Stored dataset items:
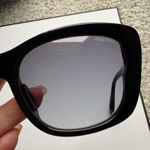 Stylish Miu Miu sunglasses with a glossy black frame. Perfect for a bold look.
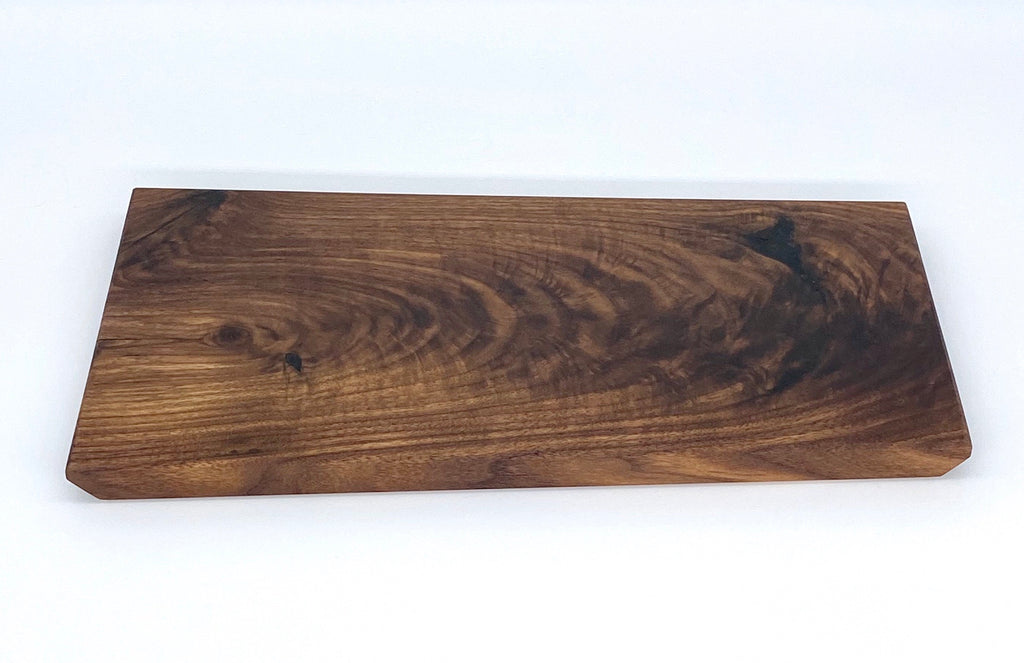 Walnut wood serving board with discreet finger holds and contemporary design. Subtle angles. Beautiful Walnut wood. Chamfered ends for a comfortable grip. A serving board you’ll be proud to bring out for guests or when you just want to have snacks for dinner in style.
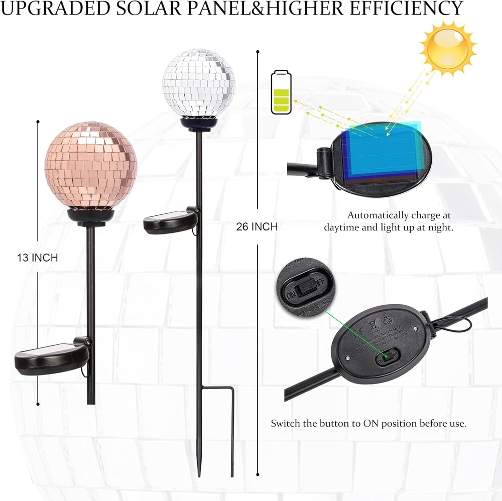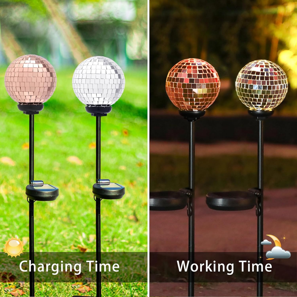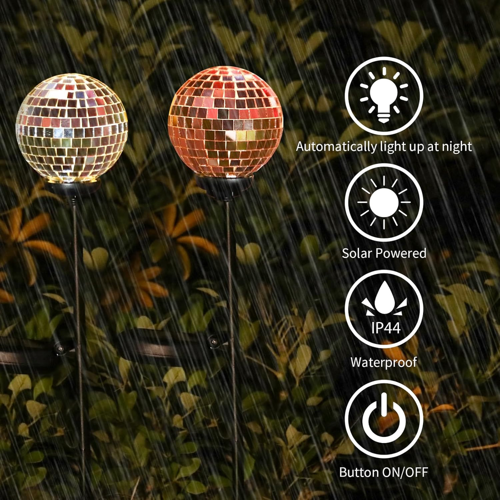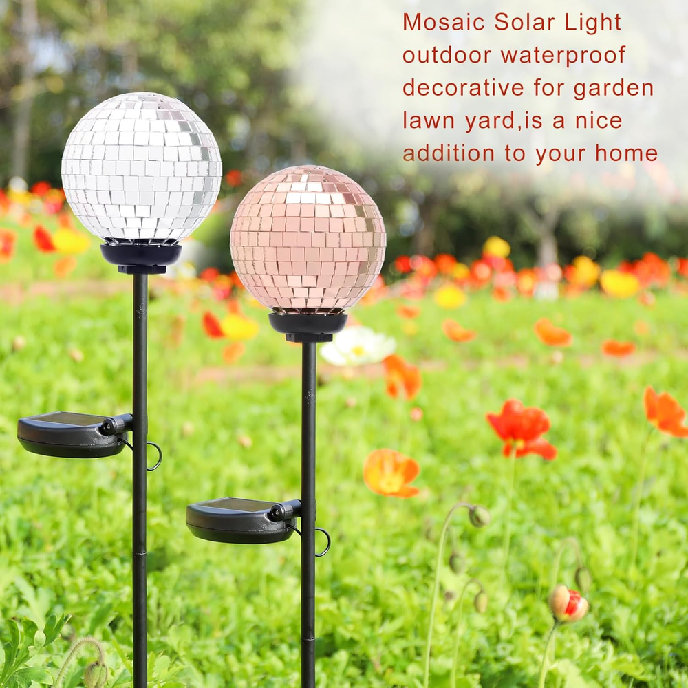Shade Color: Silver&Rose Gold Batteries Required?: Yes Brand: Does not apply Shape: sphere Water Resistance Level: Waterproof Efficiency: Energy Efficient Is Cordless?: Yes Connectivity Technology: USB Control Method: Touch Installation Type: Ground Indoor/Outdoor Usage: Outdoor Light Source Type: LED Base Material: Metal Style: Art Deco Room Type: Garden Material: Glass Item Weight: 2 Pounds Number of Pieces: 2 Product Dimensions: 3"D x 3"W x 26"H Special Feature: Energy Efficient Mounting Type: Floor Mount Specific Uses For Product: Garden Bulb Shape Size: B11 gtin13: 313116922938 Shade Material: Metal, Glass Included Components: solar panel, stake, mosaic glass globe Is Waterproof: true Power Source: Solar Powered Color: Silver&Rose Gold Recommended Uses For Product: Decoration Type: Does not apply Batteries Included?: Yes UPC: 313116922938 Special Features: Energy Efficient Number of Light Sources: 2 Lighting Method: Solar-powered LED
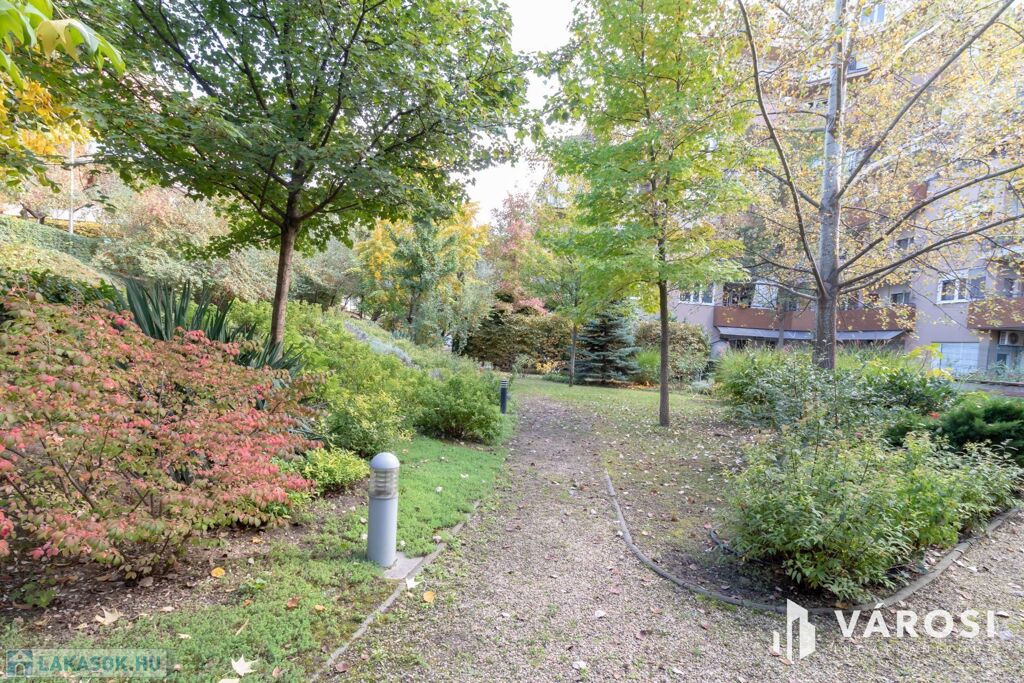A kertvárosi jelleget a társasház hatalmas, több szintes, zárt, szépen parkosított udvara adja, ahol sétányok, padok és játszótér is várja a lakókat.
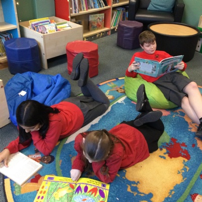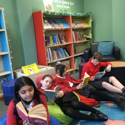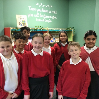 In our wonderful library, we have Book Clubs where Year6 read with our younger children.
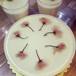 17.Put it in the refrigerator and adjust the position of the cherry blossoms (refrigerate for more than 4 hours.I made it at noon and ate it at night)
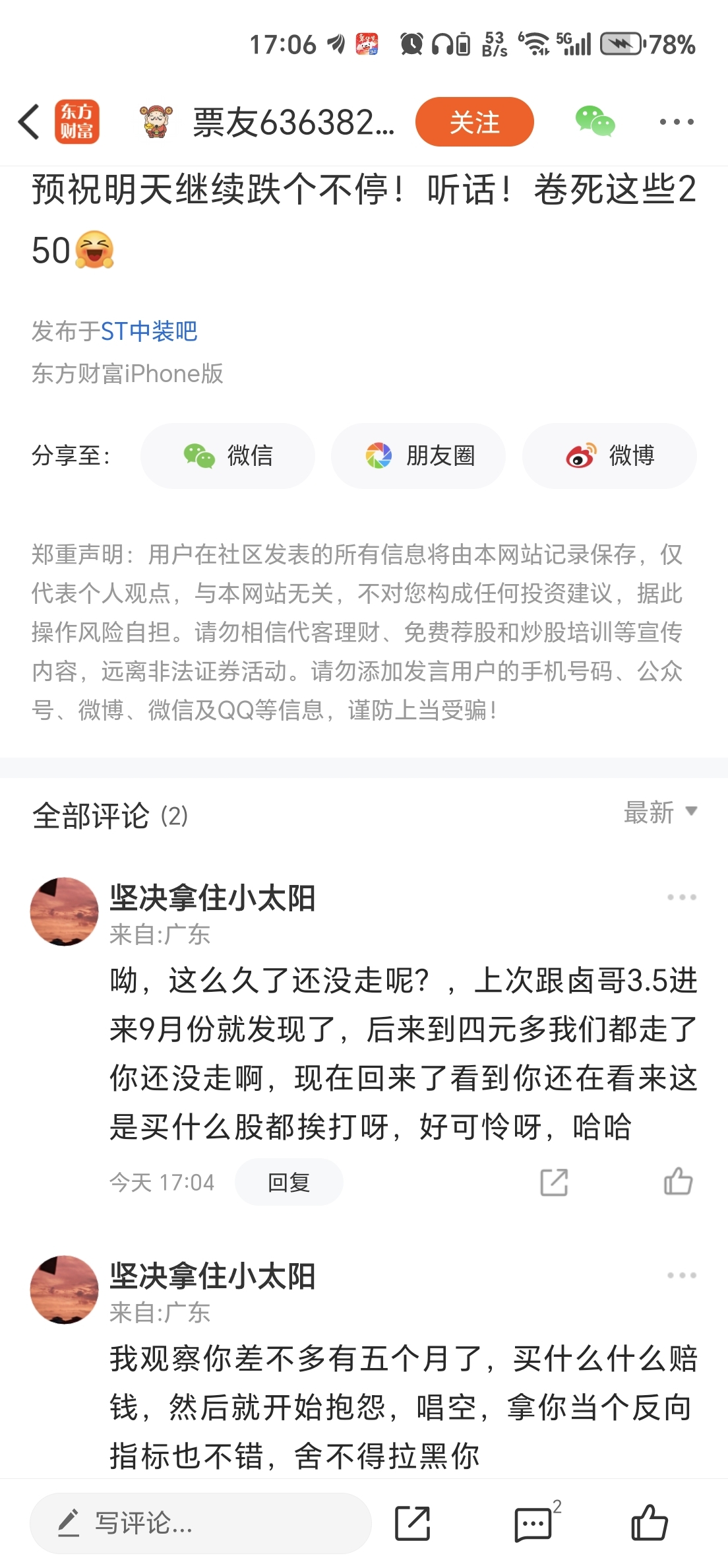 温馨提示: 1.根据《证券法》规定,禁止编造、传播虚假信息或者误导性信息,扰乱证券市场;2.用户在本社区发表的所有资料、言论等仅代表个人观点,与本网站立场无关,不对您构成任何投资建议。用户应基于自己的独立判断,自行决定证券投资并承担相应风险。《东方财富社区管理规定》
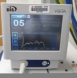 BIS-монитор показывает эмпирический индекс суммы нескольких параметров ЭЭГ. BIS-индекс это относительный показатель от 0 (молчание ЭЭГ) до 100 (полное сознание).[3] Точные детали алгоритма, используемого для создания BIS-индекса не разглашаются компанией, которая разработала его.
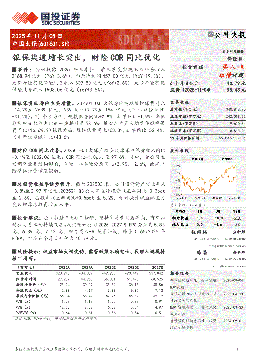 中国太保:国投证券-中国太保-601601-银保渠道增长突出,财险COR同比优化-251105
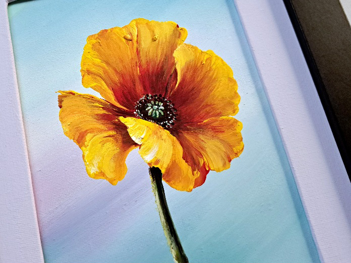 Las amapolas forman parte de mis creaciones de flores. Aplicando pequeñas pinceladas de pintura en tonos cálidos como el amarillo y rojo se van formando unos pocos pétalos que transmiten una ilusión de vivir la vida a plenitud, con alegría, esperanza, prosperidad y éxito.
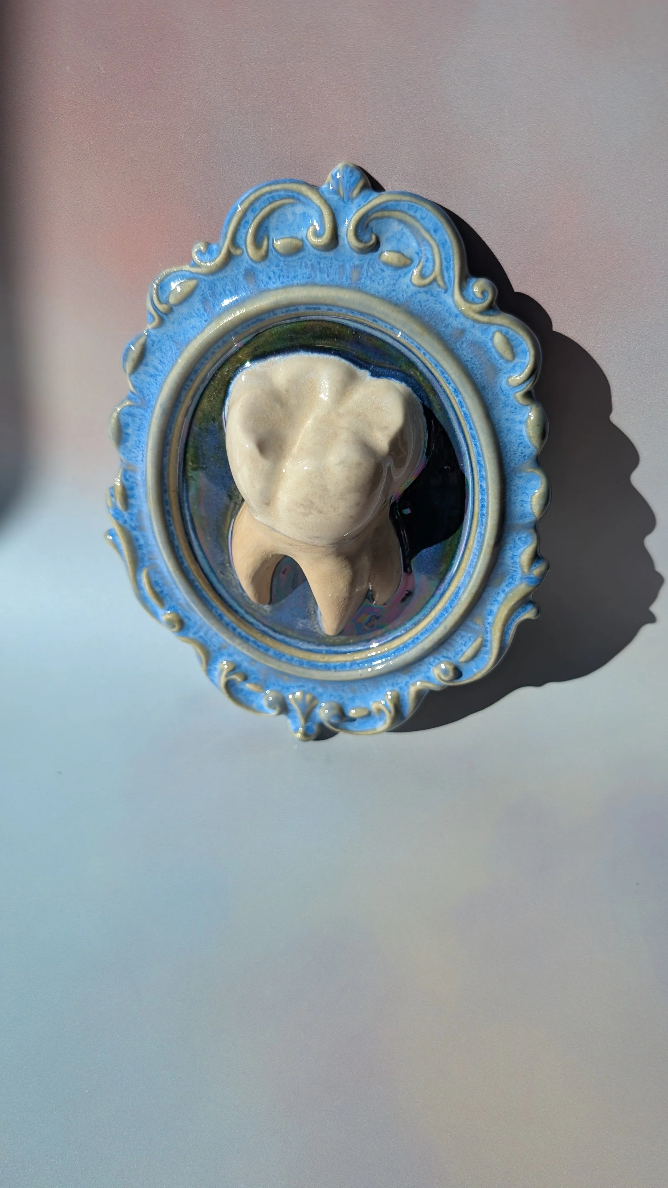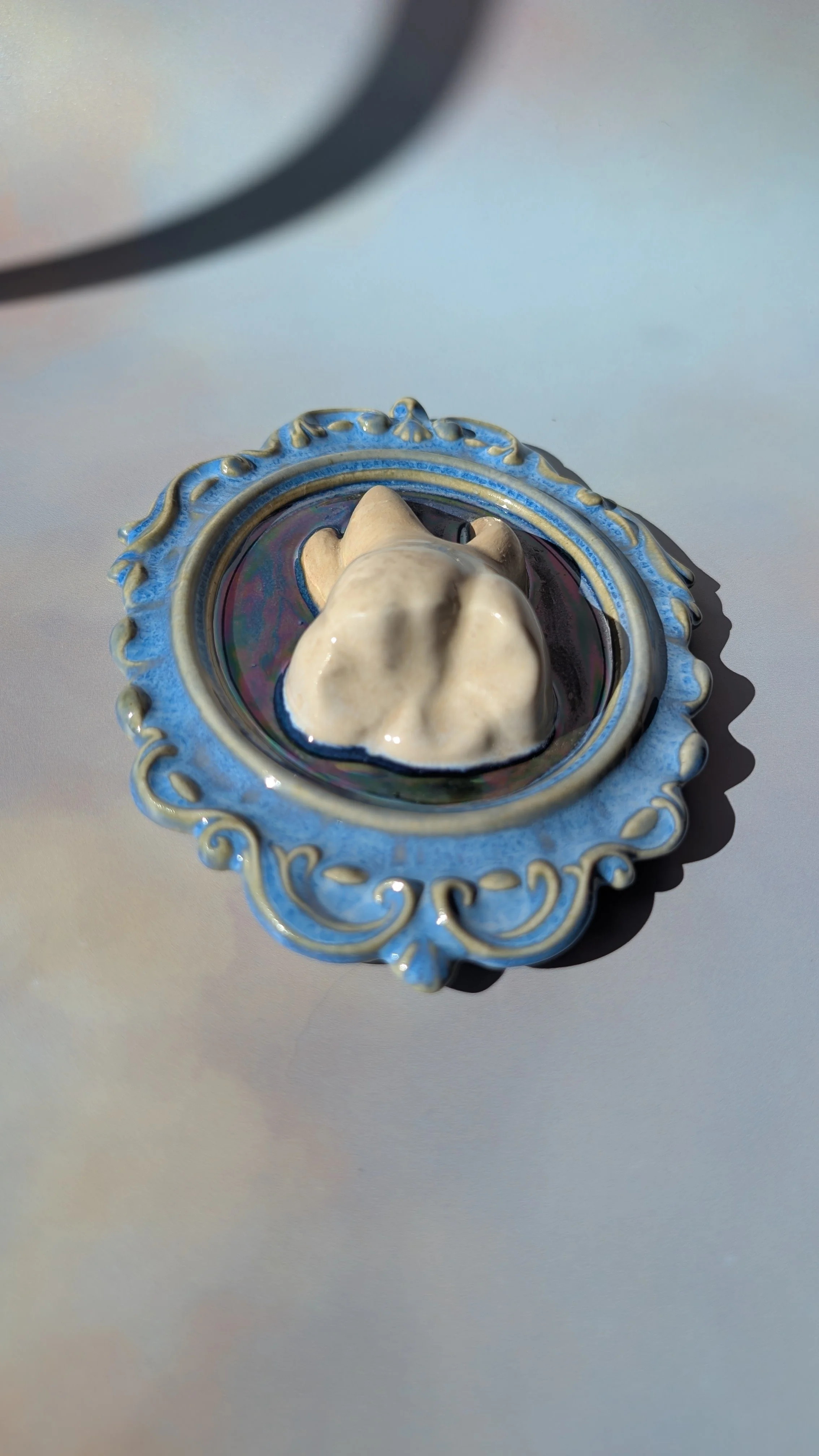 Collect the cursed and save your home from beige and boring! This wall cavity hanging vase / trinket pocket is fully glazed on the interior and able to hold water.

Problem statement
Each line of the data should be printed again exactly. Please leave pictures out.

Response below
 Stylish Miu Miu sunglasses with a glossy black frame. Perfect for a bold look.
 Walnut wood serving board with discreet finger holds and contemporary design. Subtle angles. Beautiful Walnut wood. Chamfered ends for a comfortable grip. A serving board you’ll be proud to bring out for guests or when you just want to have snacks for dinner in style.
Shade Color: Silver&Rose Gold Batteries Required?: Yes Brand: Does not apply Shape: sphere Water Resistance Level: Waterproof Efficiency: Energy Efficient Is Cordless?: Yes Connectivity Technology: USB Control Method: Touch Installation Type: Ground Indoor/Outdoor Usage: Outdoor Light Source Type: LED Base Material: Metal Style: Art Deco Room Type: Garden Material: Glass Item Weight: 2 Pounds Number of Pieces: 2 Product Dimensions: 3"D x 3"W x 26"H Special Feature: Energy Efficient Mounting Type: Floor Mount Specific Uses For Product: Garden Bulb Shape Size: B11 gtin13: 313116922938 Shade Material: Metal, Glass Included Components: solar panel, stake, mosaic glass globe Is Waterproof: true Power Source: Solar Powered Color: Silver&Rose Gold Recommended Uses For Product: Decoration Type: Does not apply Batteries Included?: Yes UPC: 313116922938 Special Features: Energy Efficient Number of Light Sources: 2 Lighting Method: Solar-powered LED
A kertvárosi jelleget a társasház hatalmas, több szintes, zárt, szépen parkosított udvara adja, ahol sétányok, padok és játszótér is várja a lakókat.
 In our wonderful library, we have Book Clubs where Year6 read with our younger children.
 17.Put it in the refrigerator and adjust the position of the cherry blossoms (refrigerate for more than 4 hours.I made it at noon and ate it at night)
 温馨提示: 1.根据《证券法》规定,禁止编造、传播虚假信息或者误导性信息,扰乱证券市场;2.用户在本社区发表的所有资料、言论等仅代表个人观点,与本网站立场无关,不对您构成任何投资建议。用户应基于自己的独立判断,自行决定证券投资并承担相应风险。《东方财富社区管理规定》
 BIS-монитор показывает эмпирический индекс суммы нескольких параметров ЭЭГ. BIS-индекс это относительный показатель от 0 (молчание ЭЭГ) до 100 (полное сознание).[3] Точные детали алгоритма, используемого для создания BIS-индекса не разглашаются компанией, которая разработала его.
 中国太保:国投证券-中国太保-601601-银保渠道增长突出,财险COR同比优化-251105
 Las amapolas forman parte de mis creaciones de flores. Aplicando pequeñas pinceladas de pintura en tonos cálidos como el amarillo y rojo se van formando unos pocos pétalos que transmiten una ilusión de vivir la vida a plenitud, con alegría, esperanza, prosperidad y éxito.
 Collect the cursed and save your home from beige and boring! This wall cavity hanging vase / trinket pocket is fully glazed on the interior and able to hold water.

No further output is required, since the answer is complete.